Through photos, words and multimedia, the BDC exhibition, Trump Revolution: Climate Crisis, documents the current president’s overturning of decades of American environmental policy, and its profound effects on American society and our planet at large.
This is the second in a year-long series of Trump Revolution exhibitions examining America’s societal and political transformation, one whose speed, reach and consequences are unmatched in our country’s history.
The Trump Administration’s action on the environment cuts deeper than simple regulatory rollbacks: his administration has sought to root out science-based decision-making across the board. Committees dedicated to scientific expertise have been disbanded across the government, meanwhile, Trump welcomed a panel aimed at critiquing climate science and appointed a prominent coal lobbyist to lead— and partly dismantle— the Environmental Protection Agency.
We will certainly feel the effects of those decisions for decades to come, and yet it’s evident even now.
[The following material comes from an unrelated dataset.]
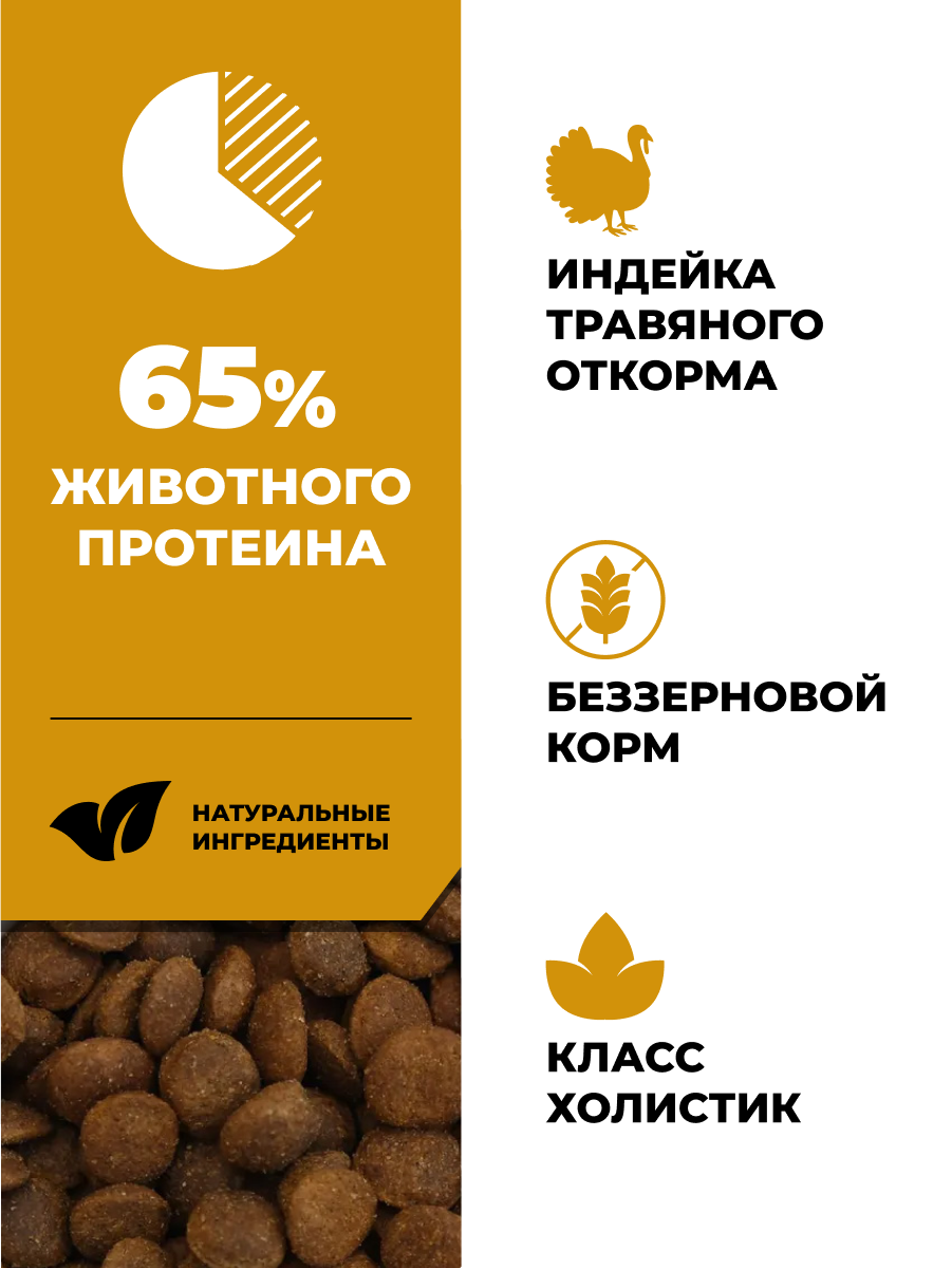 Корма GO! Sensitivities разработаны специально для собак с особыми потребностями в питании, поэтому идеально подходят для животных с чувствительным пищеварением. Все рецепты линейки GO! Sensitivities имеют одинаковые базовые компоненты, благодаря чему вы можете легко переводить питомца с одного корма на другой в пределах линейки без выделения времени на привыкание. Корм содержит только один источник животного белка - мясо индейки. Никакой говядины или курицы. Жизненно необходимые масла Омега поддерживают здоровье кожи и шерсти собаки Не содержит зерно, глютен и картофель Не содержит пшеницу, кукурузу и сою Без субпродуктов, гормонов роста или искусственных добавок Cостав: свежее филе индейки, дегидрированное мясо индейки, тапиока, горох, чечевица, нут, рапсовое масло (источник витамина Е), кокосовое масло (источник витамина Е), натуральный ароматизатор, дикальция фосфат, лососевое масло, хлорид натрия, хлорид калия, сушеный корень цикория, хлорид холина, витамины (витамин А, витамин D3, витамин Е, инозитол, ниацин, L-аскорбил-2-полифосфатов (источник витамина С), D-пантотенат кальция, мононитрат тиамина, бета-каротин, рибофлавин , пиридоксина гидрохлорид, фолиевая кислота, биотин, витамины В12), минералы (цинка протеинат, железа протеинат, меди протеинат, оксид цинка, марганца протеинат, сульфат меди, сульфата железа, йодат кальция, оксид марганца, дрожжи селена), сушеный розмарин. Питательные вещества Количество белки (мин) 24 % жиры (мин) 14 % клетчатка (макс) 4 % влага (макс) 10 % кальций (мин) 1.2 % фосфор (мин) 1 % омега-6 (мин) 2.5 % омега-3 (мин) 0.5 % Калорийность: ME =4098 ккал/кг или 451 ккал/порция. Рекомендации по кормлению Суточная норма может варьироваться в зависимости от возраста, комплекции и уровня активности вашего питомца. Не забывайте своевременно пополнять миску свежей питьевой водой. вес (кг) менее активные активные щенки 1 – 2.3 17-34 20-41 42-85 2.3 – 4.5 34-57 41-69 85-144 4.5 – 9 57-86 69-132 144-173 9 – 13.6 86-143 132-172 173-230 13.6 – 23 143-201 172-229 230-316 23 - 32 201-258 229-344 316-431 32-41 258-315 344-373 431-489 41-50 315-366 373-432 489-601 50-64 366-430 432-516 601-661

As seen in the photos of Bryan Thomas, Americans who live on eroding coastal shores are losing their homes and livelihoods.
Stacy Kranitz’s work explores how millions of Americans, particularly low-income and people of color, breathe polluted air and drink contaminated water, taking years off their lives.
Marcus Yam’s harrowing images show Californians living on the edge of wildfire-zones, increasingly at risk of losing their homes, or worse.
Katie Orlinsky, Kadir van Lohuizen and Yuri Kozyrev document life and environmental disaster in lands to the north, bringing attention to the melting permafrost and the resulting changes to indigenous communities.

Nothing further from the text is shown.